- WHAT THE TASK ASKS
From the records below, output exactly the lines starting at the line with "Ele possui encosto" and ending at the line with "Vous trouverez ci-dessous", both of them included, but no pictures.

- MATERIALS PROVIDED
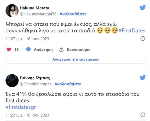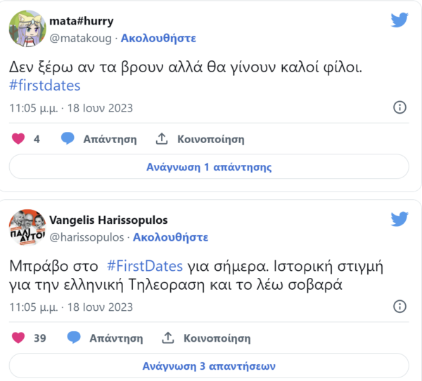 — First Dates GR (@FirstDatesGR) June 18, 2023
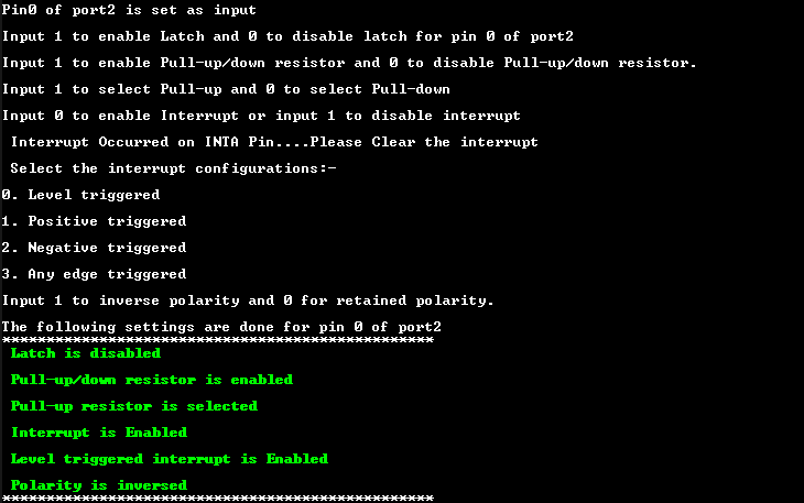 - 通过在主菜单中按#6 并选择检查中断,可以看到产生中断的引脚。
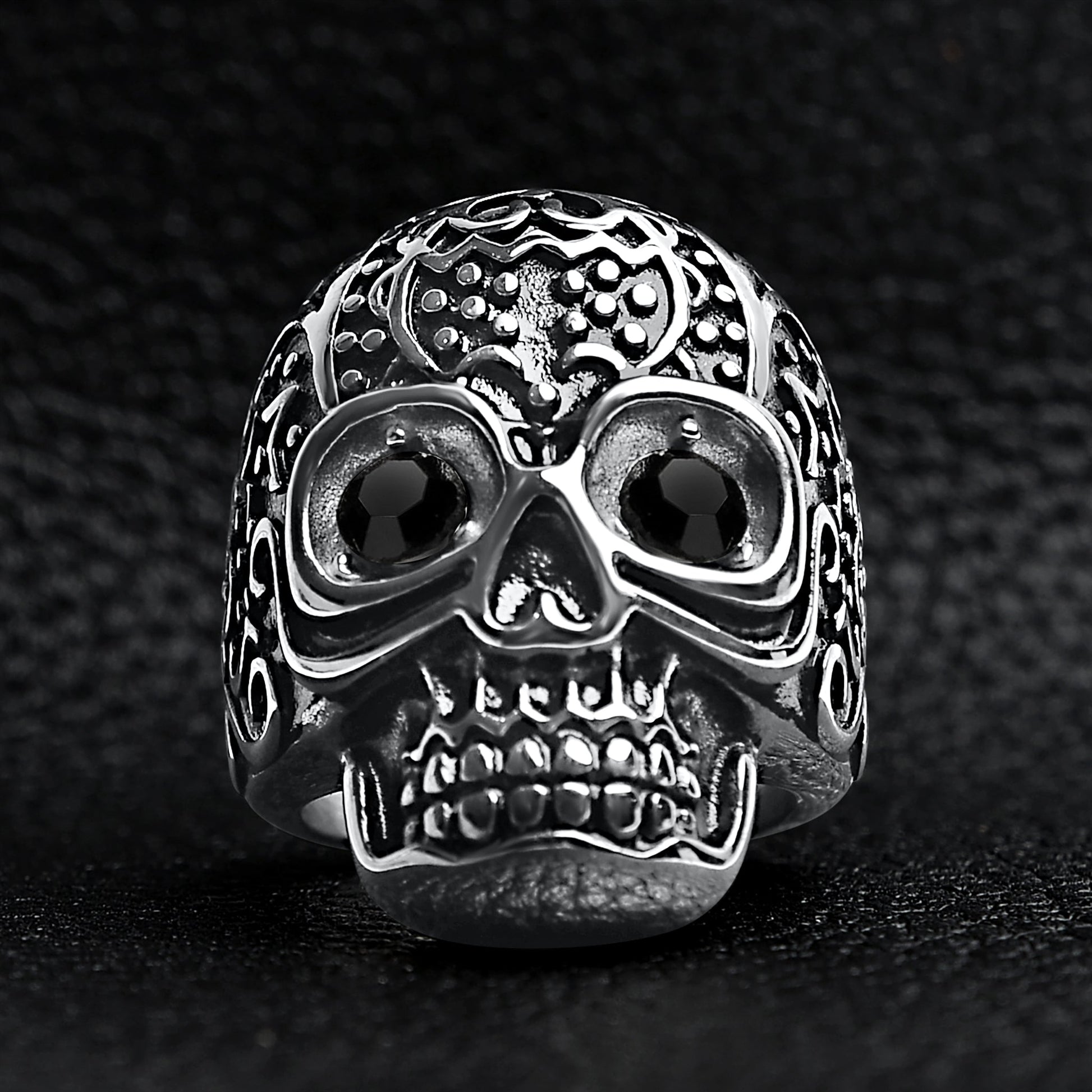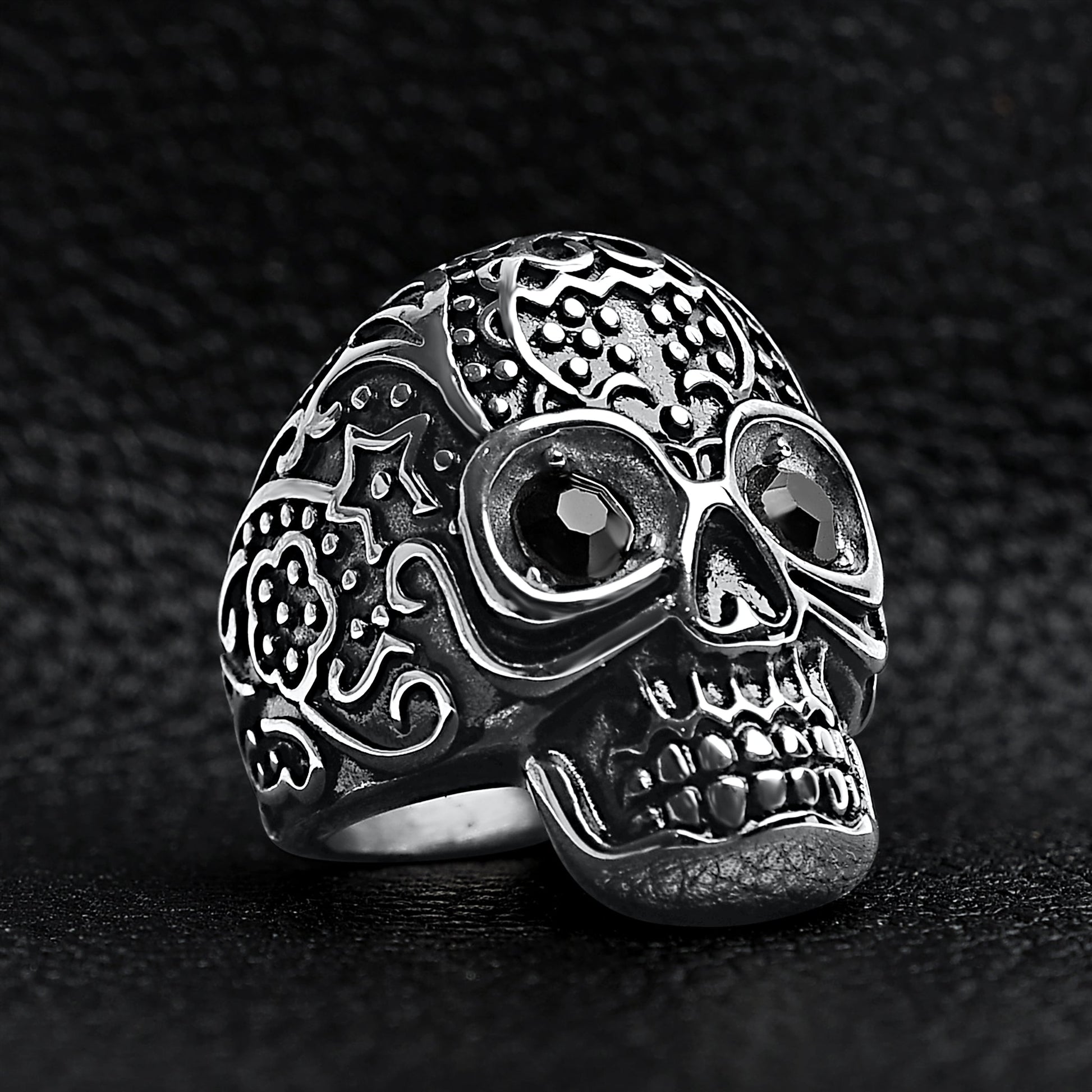 Black CZ Eyed Detailed Skull Stainless Steel Ring
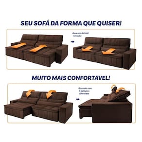 Ele possui encosto reclinável em cinco posições, proporcionando-lhe mais conforto na hora do descanso. Não para por aí: seu assento retrátil conta com espuma D33 e molas espirais, transformando seu sofá em uma verdadeira cama para assistir seu filme preferido.
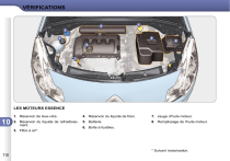 Vous trouverez ci-dessous de brèves informations sur C3 C3N Moteurs à essence. Ce guide illustre les principaux points de vérification d'un moteur à essence, notamment les réservoirs de lave-glace et de liquide de refroidissement, le filtre à air, le niveau d'huile moteur, la batterie et la boîte à fusibles. Il fournit des indications visuelles pour localiser ces composants et faciliter l'entretien du moteur.
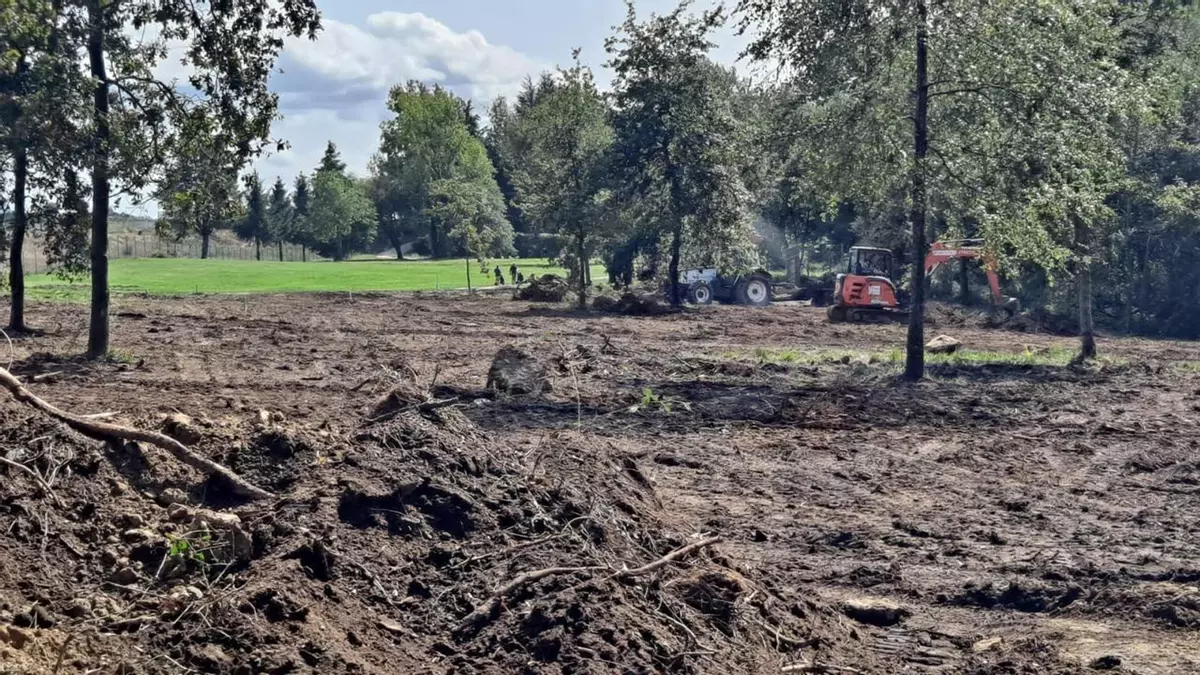 En este caso, el informe del Ayuntamiento refleja que se realizaron sin licencia talas de árboles, trabajos silvícolas y movimientos de tierra en un área de 7.652 metros cuadrados. La resolución ordena a la empresa Rogaem Group la suspensión inmediata de esas actividades y la retirada de los materiales y de la maquinaria afectos a las mismas, con el apercibimiento de que, si no cumple esta orden, se procederá al precintado de las obras o a la ejecución forzosa mediante multas coercitivas de entre 1.000 y 10.000 euros. La actuación se realiza en el entorno del campo del Aero Club, que fue reducido de forma drástica por necesidades de seguridad del aeropuerto, perdiendo cuatro hoyos. Con la ampliación, que asume la Comunidad de Montes, se recuperaría su tamaño mínimo.

- WRITTEN ANSWER
 Ele possui encosto reclinável em cinco posições, proporcionando-lhe mais conforto na hora do descanso. Não para por aí: seu assento retrátil conta com espuma D33 e molas espirais, transformando seu sofá em uma verdadeira cama para assistir seu filme preferido.
 Vous trouverez ci-dessous de brèves informations sur C3 C3N Moteurs à essence. Ce guide illustre les principaux points de vérification d'un moteur à essence, notamment les réservoirs de lave-glace et de liquide de refroidissement, le filtre à air, le niveau d'huile moteur, la batterie et la boîte à fusibles. Il fournit des indications visuelles pour localiser ces composants et faciliter l'entretien du moteur.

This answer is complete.